Nota Sebbene l'utilità sqlcmd sia supportata da Database SQL, non è supportata un'utilità analoga, denominata osql.
Per ulteriori informazioni sull'utilità sqlcmd, vedere Utilità sqlcmd nella documentazione online di SQL Server.
SQL Server Management Studio
A partire da SQL Server 2008 R2 e SQL Server 2008 R2 Express, SQL Server Management Studio può essere utilizzato per accedere, configurare, gestire e amministrare istanze di Database SQL. Le versioni precedenti di SQL Server Management Studio non sono supportate.
Con SQL Server Management Studio è possibile combinare strumenti grafici con diversi editor di script complessi per consentire a sviluppatori e amministratori di accedere a SQL Server.
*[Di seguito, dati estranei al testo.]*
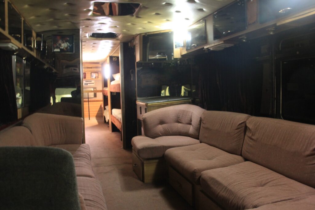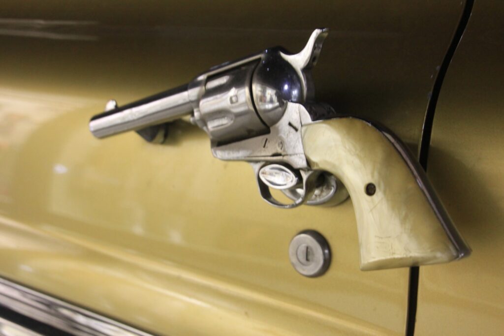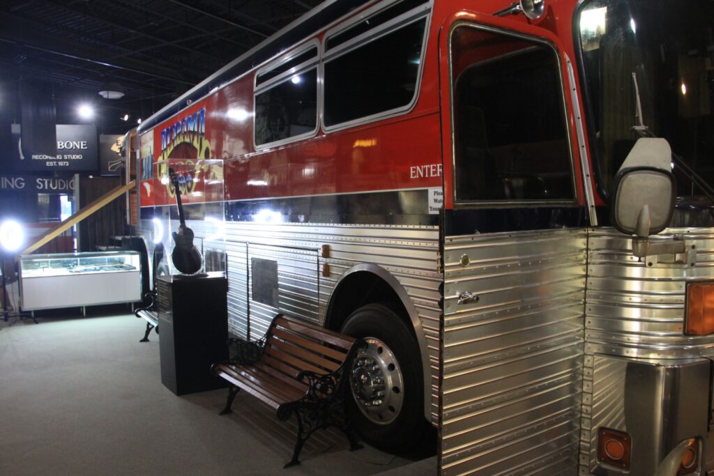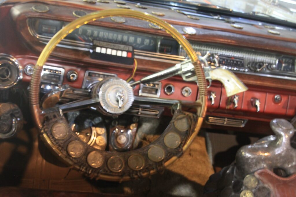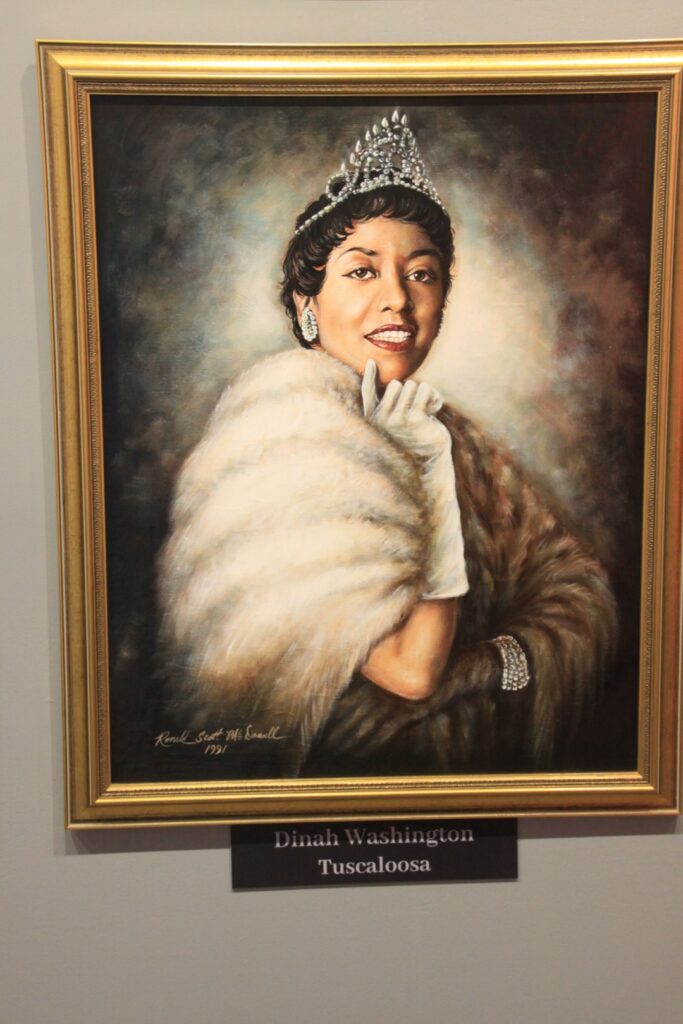 Dann waren wir in der Music Hall of Fame, wo an viele berühmte Musiker, die mit Alabama in Verbindung stehen, gewürdigt werden. Auf dem Portrait ist Dinah Washington mit Pelz und Diadem. Auch ein Tourbus war zu sehen, die Bilder zeigen ihn von außen und von innen. Dort schliefen bis zu 3 Leute übereinander in Schlafkojen. Der Cadillac hatte viele Bauteile durch Pistolen ersetzt – ein scharfes Teil. Türgriff war eine Pistole, der Schaltknüppel ebenso…
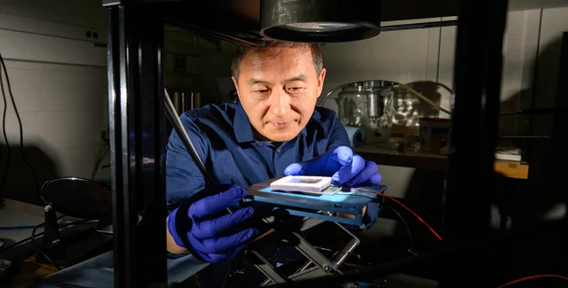 Професор Рочестерського університету Чуньлей Го тестує сонячний термоелектричний генератор | Фото: University of Rochester
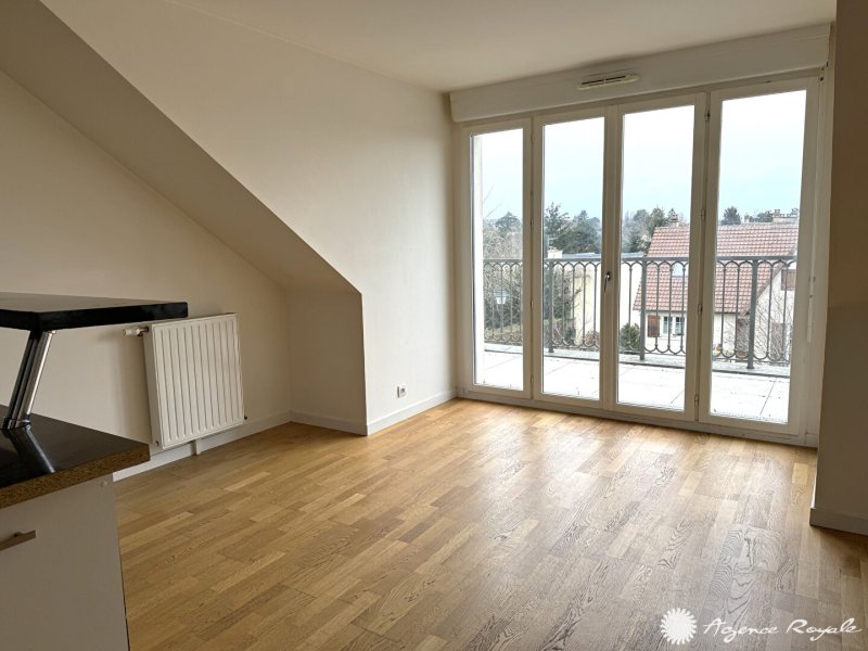 MAREIL MARLY 7' du TRAM Dans Résidence de Standing de 2016 avec ASCENSEUR, au DERNIER ETAGE, bel appartement de 47,13m² Carrez (51,10m² au sol) avec BALCON et vue dégagée sans vis à vis : Entrée avec placard, Pièce principale sur Balcon Ouest avec Cuisine aménagée, Chambre, grande Salle de douche avec WC. PARKING SOUS-SOL boxable. Commerces à proximité. AGENCE ROYALE - Elsa KROULEFF, à vos côtés pour tous vos projets immobiliers depuis 1988.
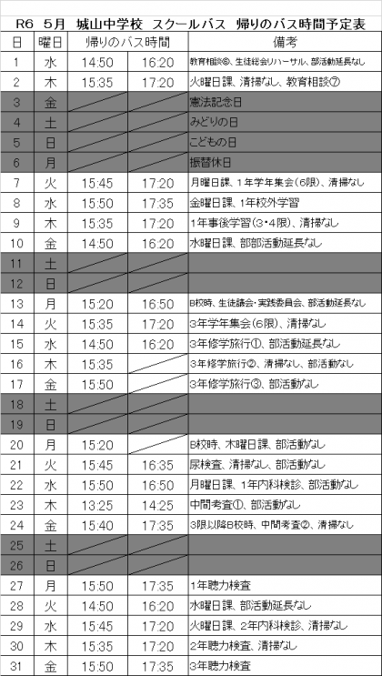5月のスクールバス運行予定表です。ご確認ください。
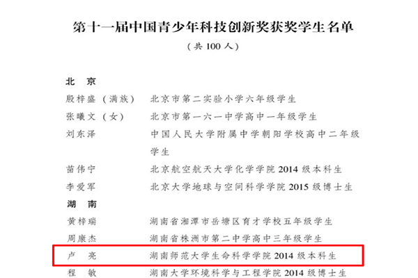 (通讯员 高惠娟 闫一轩)近日,第十一届中国青少年科技创新奖颁奖大会在北京人民大会堂举行。我校生命科学学院2014级本科生卢亮荣获第十一届中国青少年科技创新奖,这是我校本科生首次获此奖项。
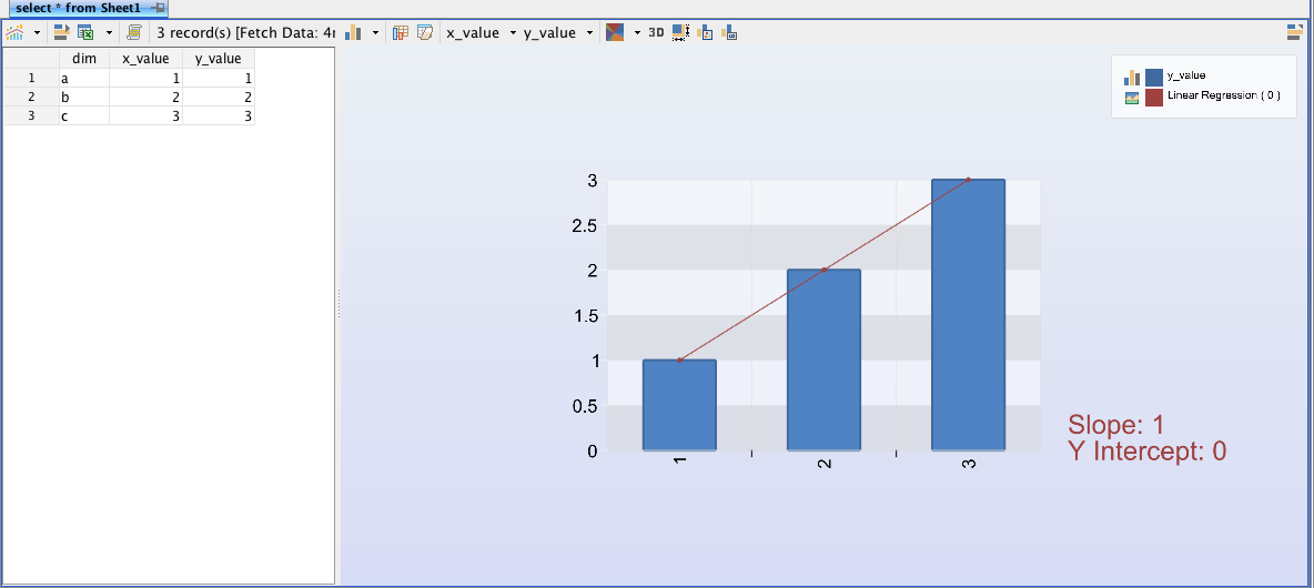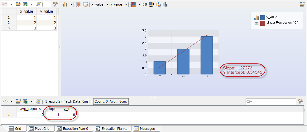 To reproduce the issue, execute the below SQL. A chart will be created w/ the incorrect slope & y intercept values.
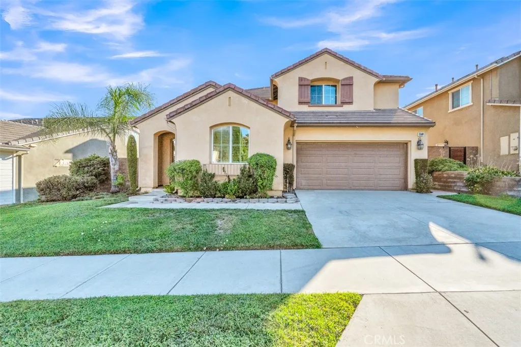 Beautiful home with a view and lots of upgrades. This better than new home features 4 bedrooms and 3.5 baths + Loft. formal living room and dining room, family room with fireplace, large kitchen with breakfast nook and bar. Granite counter tops, travertine back splash, kitchen island, maple cabinets, Stainless Steel appliances, Tile flooring and upgraded carpet. Bedrooms offer walk-in closets, master bathroom has a large oval tub, Walk-in closet with upgraded closet organizers. Convenient upstairs laundry room with sink. Inviting low maintenance backyard with full patio cover with ceiling fan & recessed lighting. custom built Bull Brand bbq grill. Eight citrus trees & one 15 year old avocado tree. 3 Car Garage offers newer epoxy flooring, ton of overhead storage & shelves space. Newer large water capacity water heater + Water softener in place. Outdoor entryway offers patio area with relaxing water fountain. Home also offers energy efficient dual zone A/C Units. Conveniently located within walking distance from Todd elementary, and in close proximity to the community pools, "Deleo Regional Sports Parks, Club House and Gym. Minutes to "Dos Lagos" & "Corona Crossings Shopping Center" and entertainment. This property is S per clean. Must See!
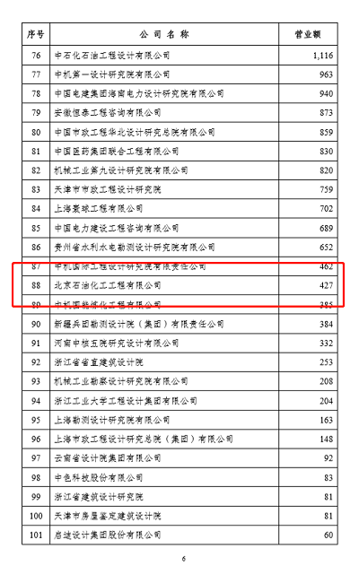 近日,中國勘察設計協(xié)會發(fā)布了《關于公布勘察設計企�(yè)工程項目管理和工程總承包營業(yè)額二0�0年排名的通知�,北京石油化工工程有限公司獲工程總承包營�(yè)額排名第52�、工程項目管理排名第88��
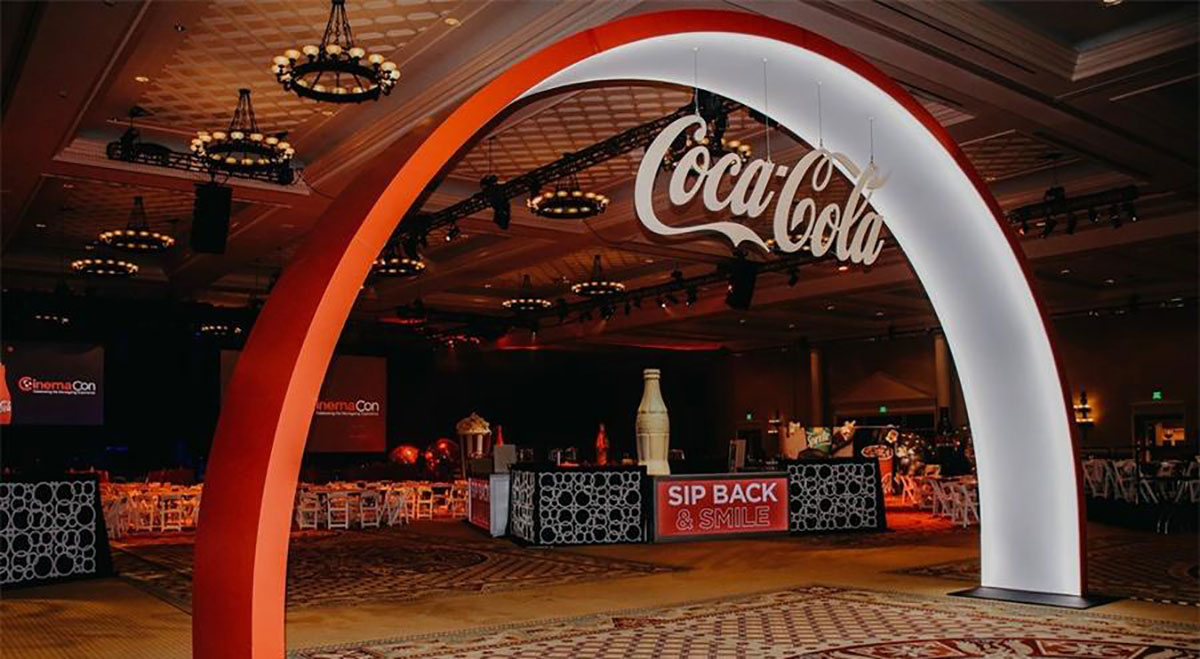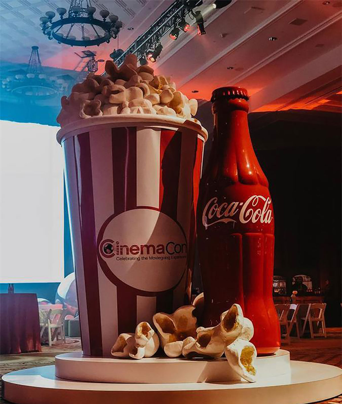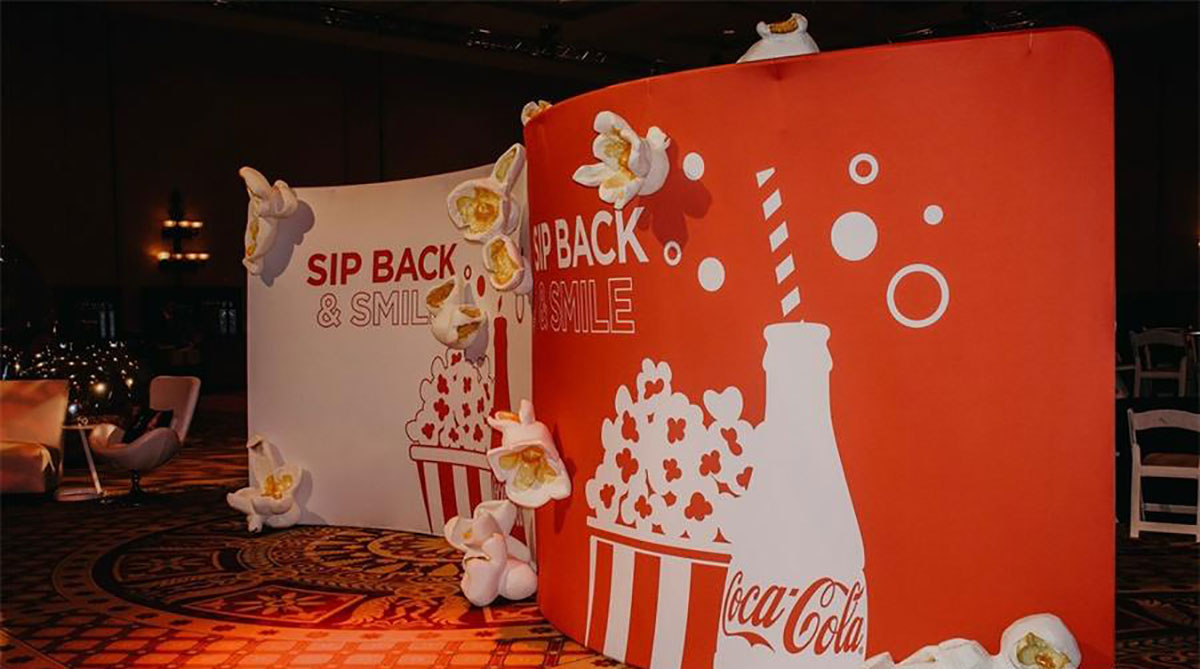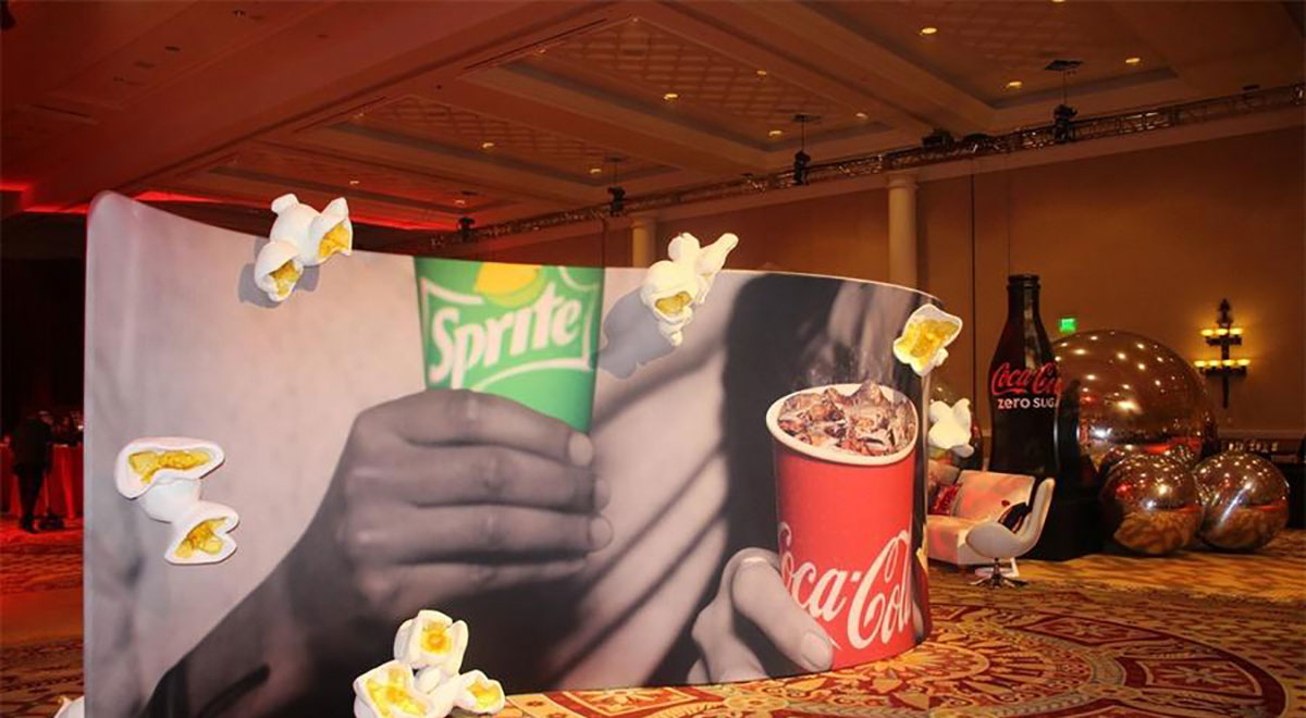 在2019年内华达州拉斯维加斯电影博览会的最后一天晚上,可口可乐的活动团队举办了一场鸡尾酒派对,此次派对策划设计了很多大规模的社交媒体拍照打卡背景,各种超大规模的定制道具,包括各种创新创意点,都是为了将客户的品牌更好地呈现出来。
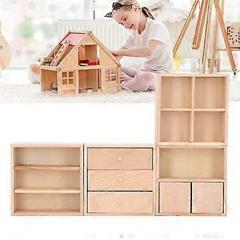4 Pcs 1/12 Doll House Cabinet Set Simple Design Practical Lifelike Miniature Wooden Dollhouse Furniture Cabinet
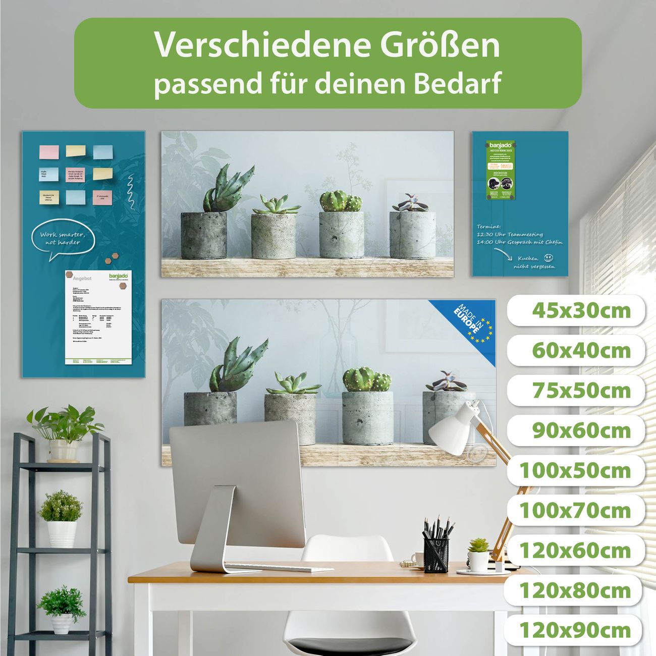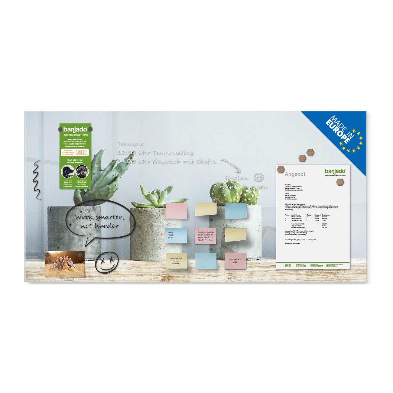 Jede Glas Magnettafel wird in unserer Werkstatt von Hand gefertigt und sorgfältig geprüft. So erhalten Sie ein echtes Qualitätsprodukt, das Funktion und Ästhetik perfekt vereint.?? Warum banjado?
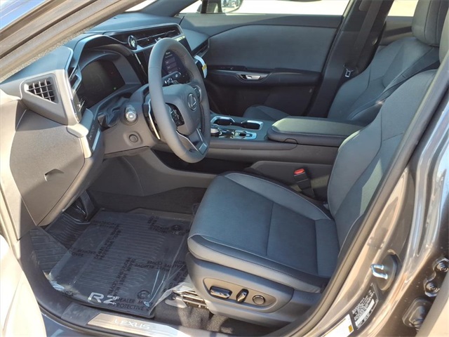 This Lexus RZ is equipped with the following features: 4-Wheel Disc Brakes, ABS brakes, Air Conditioning, Alloy wheels, AM/FM radio: SiriusXM, Auto High-beam Headlights, Auto-dimming door mirrors, Auto-dimming Rear-View mirror, Automatic temperature control, Brake assist, Delay-off headlights, Driver door bin, Driver vanity mirror, Dual front impact airbags, Dual front side impact airbags, Electronic Stability Control, Four wheel independent suspension, Front anti-roll bar, Front Bucket Seats, Front dual zone A/C, Front reading lights, Fully automatic headlights, Heated and Ventilated Front Seats, Heated door mirrors, Heated front seats, Heated steering wheel, Illuminated entry, Knee airbag, Low tire pressure warning, Memory seat, Occupant sensing airbag, Outside temperature display, Overhead airbag, Overhead console, Panic alarm, Passenger door bin, Passenger vanity mirror, Power door mirrors, Power driver seat, Power Liftgate, Power passenger seat, Power steering, Power windows, Radio data system, Rain sensing wipers, Rear anti-roll bar, Rear window defroster, Remote keyless entry, Speed control, Speed-sensing steering, Split folding rear seat, Steering wheel mounted audio controls, Telescoping steering wheel, Tilt steering wheel, Traction control, Trip computer, Turn signal indicator mirrors, Variably intermittent wipers, and Ventilated front seats.

Per ulteriori informazioni, vedere Utilizzo di SQL Server Management Studio nella documentazione online di SQL Server.
Portale di gestione della piattaforma Windows Azure
È possibile utilizzare il portale di gestione della piattaforma Windows Azure per effettuare il provisioning dei server Database SQL, creare account di accesso e configurare il firewall di Database SQL. È inoltre possibile creare database utente nei server o esportare e importare file di esportazione di applicazioni livello dati (BACPAC). Il portale fornisce inoltre una visualizzazione immediata dell'integrità dei server Database SQL. Per ulteriori informazioni sul portale di gestione della piattaforma Windows Azure, vedere l'argomento relativo al nuovo portale di gestione.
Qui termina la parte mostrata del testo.